Musical moments & mementos

This evocative post at Reflections in d minor on "musical epiphanies", inspired by Alex Ross's inaugural entry in his "catalogue of life-altering musical moments", inspired me too. Some musical memories, sharp and sweet:

—Seeing Dame Gwyneth Jones in Richard Strauss's Elektra, at the San Francisco Opera in the late '90s. I've mentioned before that I seem to lack the receptors needed to appreciate opera with a full-on passion, but this performance got through to me. Her bone-chilling "Agamemnon!", something between a shriek and a bellow, made me sit up straight, where I remained transfixed for the rest of the opera. I look back on this and still think: wow wow wow.

—Hearing a high school classmate play Schubert's Impromptu in A-flat minor (Opus 90, no. 4). She was so talented; I was blind with envy of a magnitude that I hadn't experienced ever before and, thankfully, not ever since. I never sought out a recording of the piece, but some three decades later, happened upon a live broadcast of a performance of it on the local classical station, and found that the piece was burned in my brain. The next day, I got the sheet music for it, and now I play it as often as I can.

—Getting a book of rudimentary-level transcriptions of jazz standards for the piano from my father, and trying to play Dizzy Gillespie and Charlie Parker's Anthropology. Sight-reading it is no problem, but my attempt to play it is like reading an unfamiliar language aloud phonetically.

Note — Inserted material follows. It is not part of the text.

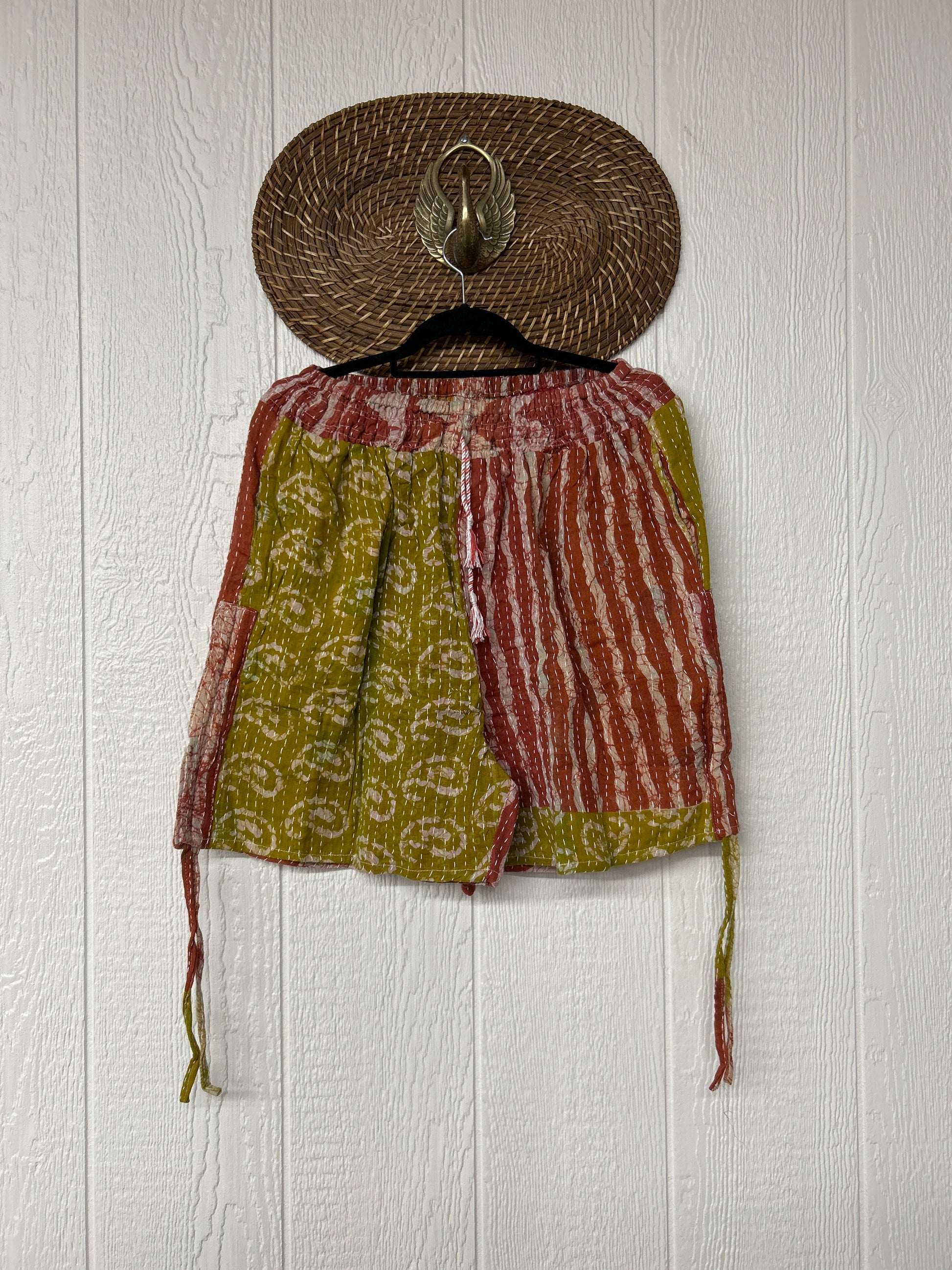 Crafted from our ultra lux vintage cotton Kantha stitched sari. Features interior pockets, a smocked waistband that is soft against the skin with an adjustable drawstring. This fully customizable piece also has a cinch drawstring on the outer leg so you can make the shorts longer or shorter. We are obsessed!

My father says, No...here's how it goes:

da da dadada da dada da
da dada dadada dadadada dadadada
da dada dweeda deet da dau
da dada dayadadadada dadada da dada da
I still haven't the touch whatsoever for playing be-bop, but I get it, and I love it.

—Sitting on the lawn at Ravinia on a typically hot, muggy, and buggy summer evening. It's the late '70s, and James Levine is conducting the Chicago Symphony in Beethoven's Seventh. The second movement (the Allegretto) could be glibly termed 'heartstrings over a heartbeat', but it's magnetic and overpowering. No sign of restlessness or chattering from the lawn crowd. We're all spellbound. I've obsessively acquired different recordings of the Seventh over the years, but this performance is the one I always hear in my head.

May 26, 2004

Audblogged!

Alicia at TwilightCafé has audblogged my "50 things" post. (Props to Tvindy for the audio blogging meme, which you can learn more about here.) After frequenting each other's comments sections for so long, it is very cool to get to hear Alicia's voice...and an honor that she chose this post and gave it such a lovely reading. Thank you, Alicia.